(Prompt): Every line in the data below has to be repeated exactly; no picture belongs in the result.

(Data extract):
────

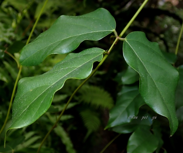 ![]() 上面照片:周佩玉拍攝於台大校園 (三出複葉,互生;小葉歪卵形,兩面無毛或具很稀疏的毛) |
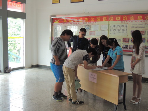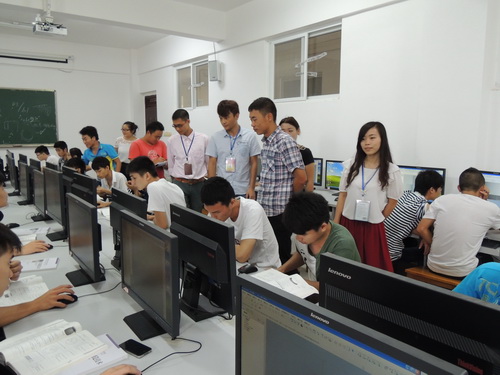 3、6月26日毕业生党员和系党总支副书记刘术刚老师一起下学生计算机课堂进行课堂检查
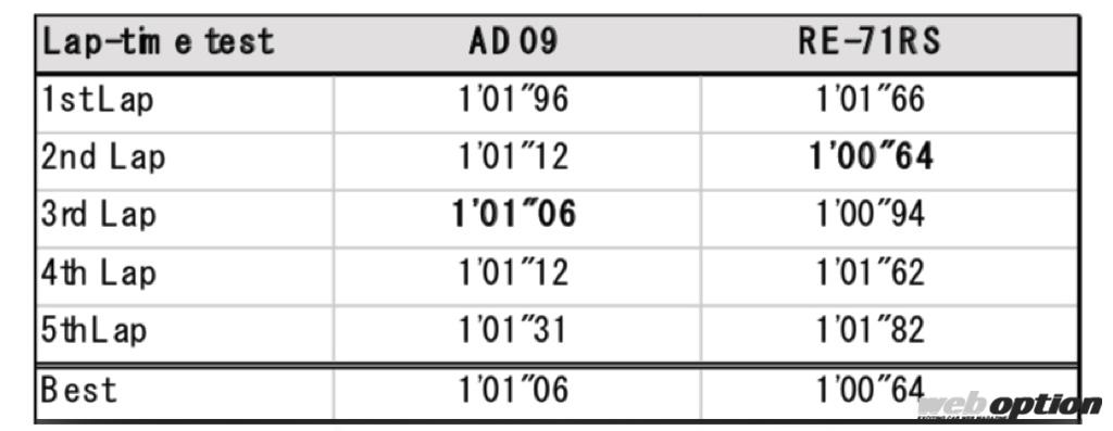 また、ラップタイム表を見ると、前半はRE-71RSが圧巻のパフォーマンスを見せつけているが、後半でタイムが逆転。アベレージタイムでは、アドバンネオバAD09=1分1秒314/RE-71RS=1分1秒336と、アドバンネオバAD09に軍配が上がっているのだ。
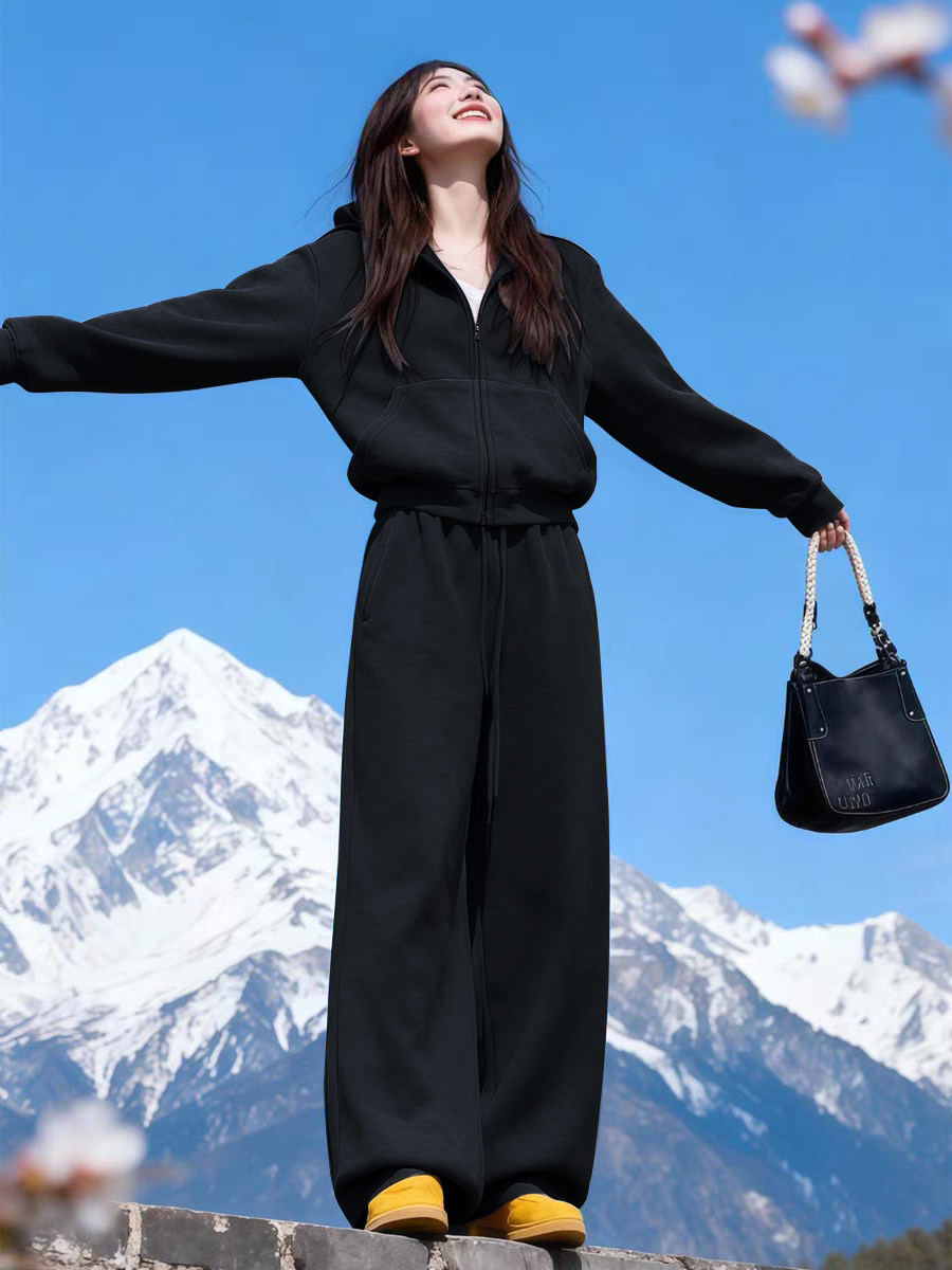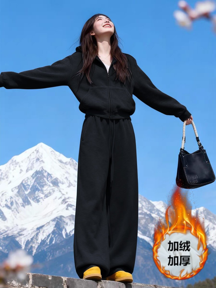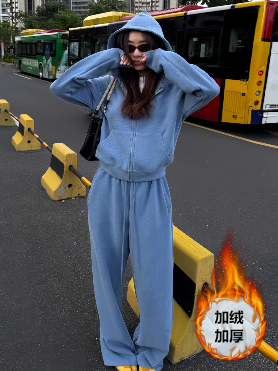 美式炸街运动服套装女秋冬加绒加厚宽松时尚卫衣休闲两件套跑步潮

────

(Answer box):
 ![]() 上面照片:周佩玉拍攝於台大校園 (三出複葉,互生;小葉歪卵形,兩面無毛或具很稀疏的毛) |
 3、6月26日毕业生党员和系党总支副书记刘术刚老师一起下学生计算机课堂进行课堂检查
 また、ラップタイム表を見ると、前半はRE-71RSが圧巻のパフォーマンスを見せつけているが、後半でタイムが逆転。アベレージタイムでは、アドバンネオバAD09=1分1秒314/RE-71RS=1分1秒336と、アドバンネオバAD09に軍配が上がっているのだ。
 美式炸街运动服套装女秋冬加绒加厚宽松时尚卫衣休闲两件套跑步潮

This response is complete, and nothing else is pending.